The input ->
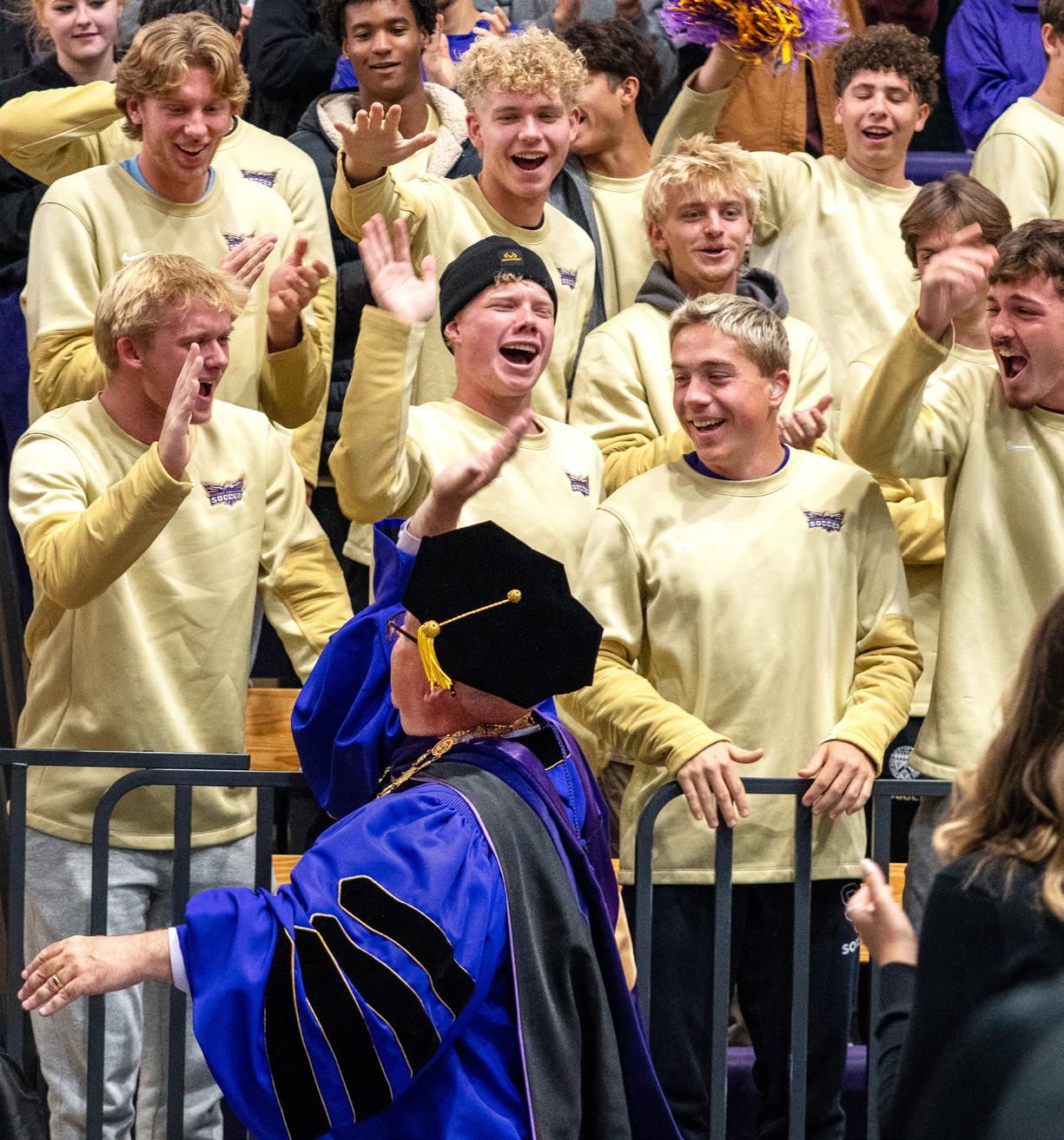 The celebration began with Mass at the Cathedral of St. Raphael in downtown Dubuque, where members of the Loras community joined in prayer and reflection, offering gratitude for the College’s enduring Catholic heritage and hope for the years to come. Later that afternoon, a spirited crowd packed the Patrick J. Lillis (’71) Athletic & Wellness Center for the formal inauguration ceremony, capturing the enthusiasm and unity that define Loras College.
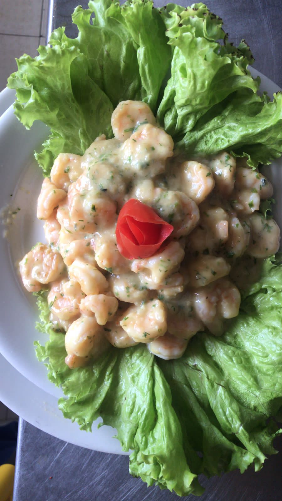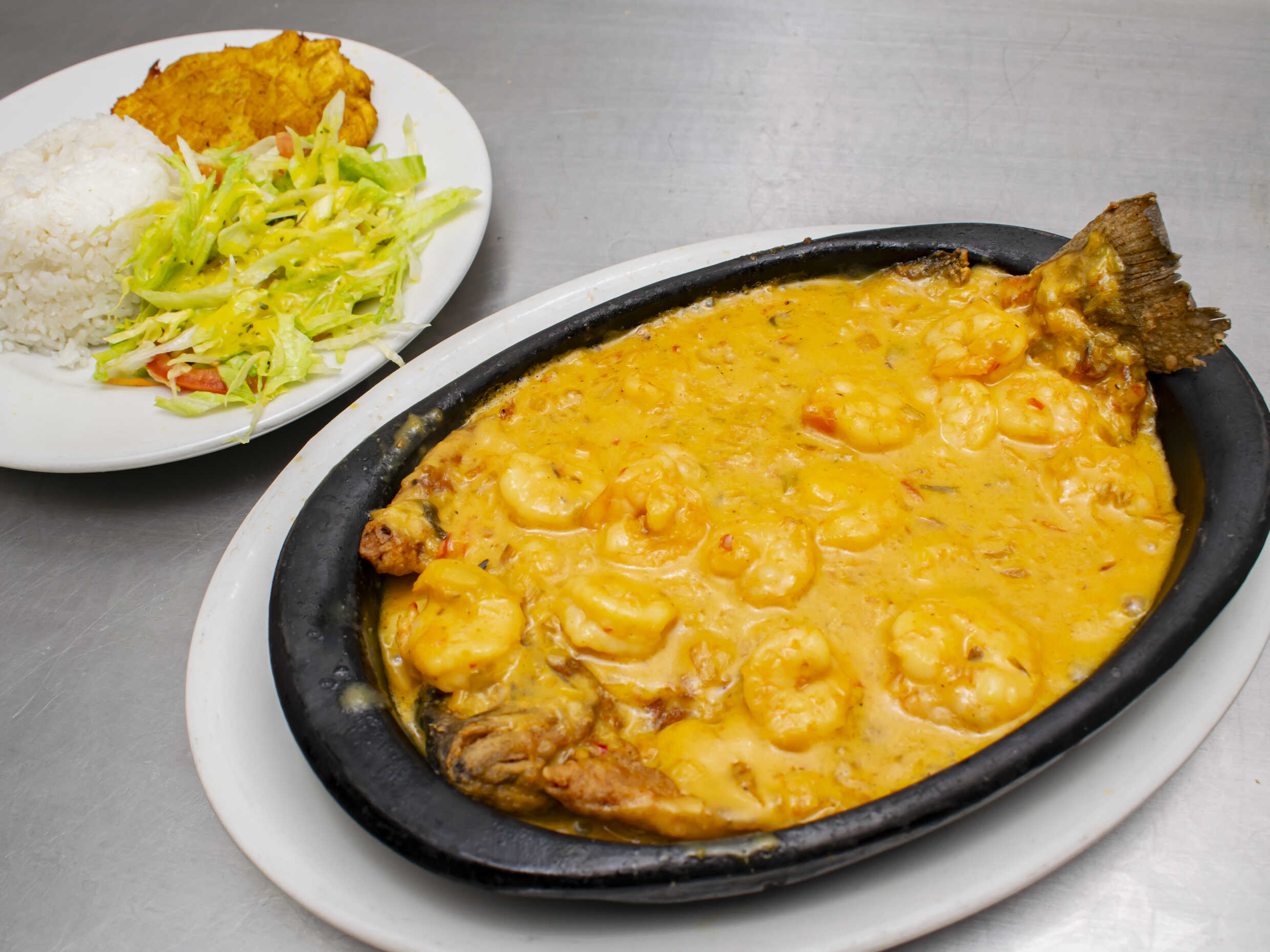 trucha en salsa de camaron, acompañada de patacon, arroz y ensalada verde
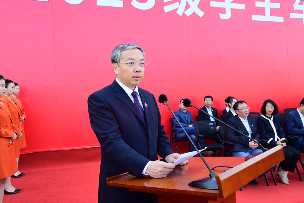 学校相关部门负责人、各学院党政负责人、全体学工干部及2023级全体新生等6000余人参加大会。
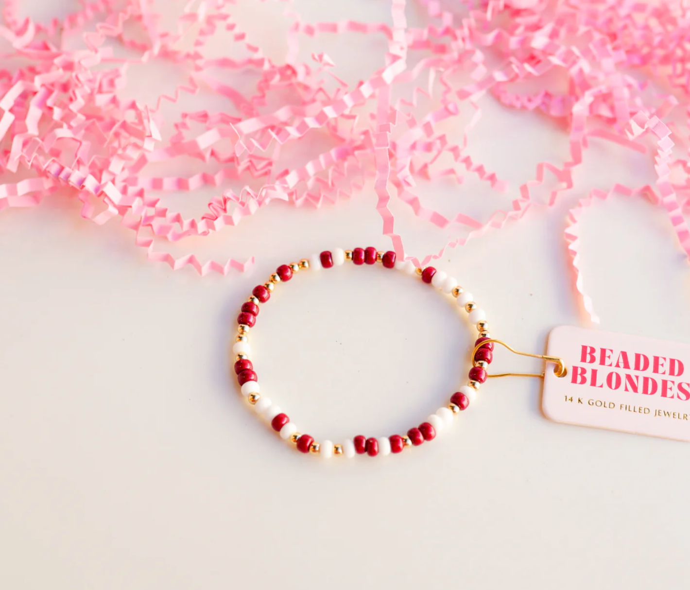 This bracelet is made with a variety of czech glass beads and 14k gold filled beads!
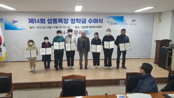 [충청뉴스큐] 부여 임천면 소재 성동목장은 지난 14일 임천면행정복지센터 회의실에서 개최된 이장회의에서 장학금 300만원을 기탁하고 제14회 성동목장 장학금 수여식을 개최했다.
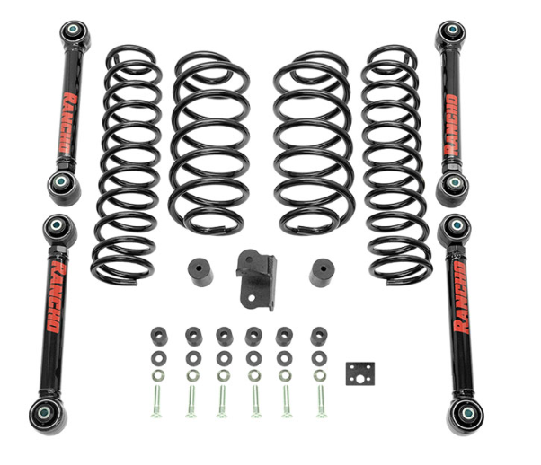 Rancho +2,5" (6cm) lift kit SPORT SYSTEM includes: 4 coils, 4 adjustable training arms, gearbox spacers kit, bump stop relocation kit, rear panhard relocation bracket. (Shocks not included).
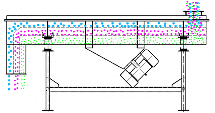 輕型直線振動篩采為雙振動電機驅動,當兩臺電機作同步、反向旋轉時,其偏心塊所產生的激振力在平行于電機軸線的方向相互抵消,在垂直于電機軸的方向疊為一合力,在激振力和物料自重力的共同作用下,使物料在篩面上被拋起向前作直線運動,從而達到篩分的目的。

---

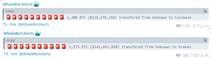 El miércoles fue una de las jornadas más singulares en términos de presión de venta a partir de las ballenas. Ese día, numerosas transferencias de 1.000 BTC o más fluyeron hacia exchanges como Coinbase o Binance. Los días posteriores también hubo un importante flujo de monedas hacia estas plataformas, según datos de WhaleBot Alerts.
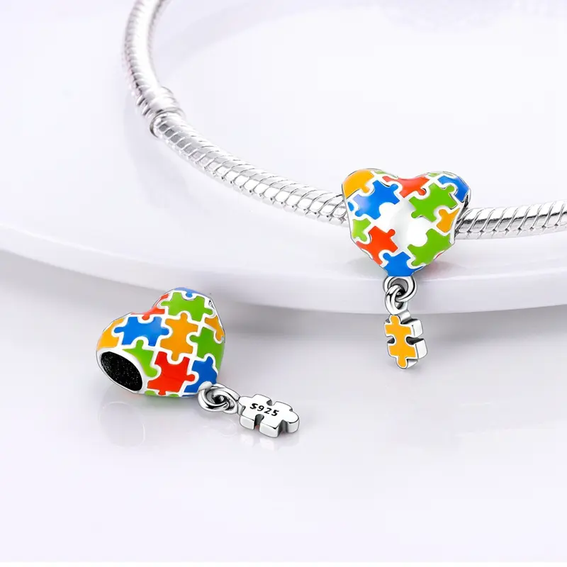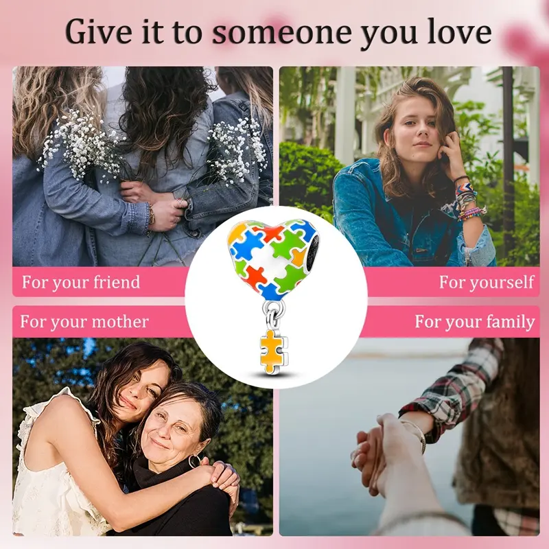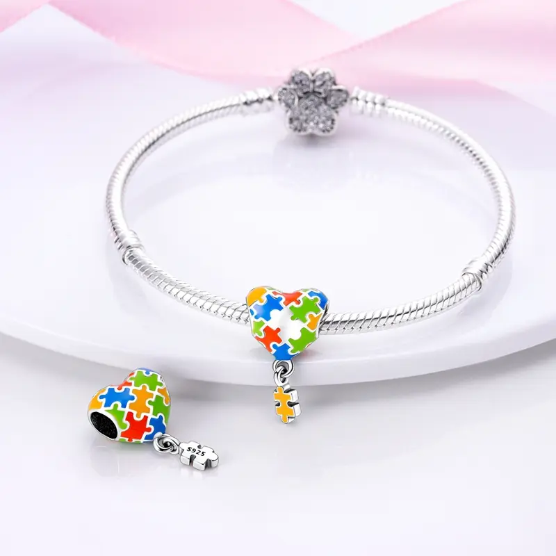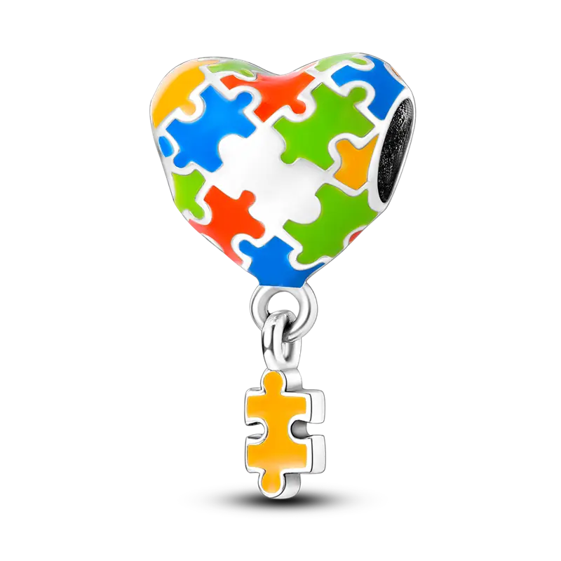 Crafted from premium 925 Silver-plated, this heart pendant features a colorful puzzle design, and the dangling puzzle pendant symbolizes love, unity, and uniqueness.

---

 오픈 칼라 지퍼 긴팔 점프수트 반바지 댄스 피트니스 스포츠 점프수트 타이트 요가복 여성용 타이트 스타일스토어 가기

How to complete this task -> For this exercise, please set down exactly the lines of the listing above from the line with "El miércoles fue" up to and including the line with "Crafted from premium", and no pictures.

Answer to the problem ->
 El miércoles fue una de las jornadas más singulares en términos de presión de venta a partir de las ballenas. Ese día, numerosas transferencias de 1.000 BTC o más fluyeron hacia exchanges como Coinbase o Binance. Los días posteriores también hubo un importante flujo de monedas hacia estas plataformas, según datos de WhaleBot Alerts.
 Crafted from premium 925 Silver-plated, this heart pendant features a colorful puzzle design, and the dangling puzzle pendant symbolizes love, unity, and uniqueness.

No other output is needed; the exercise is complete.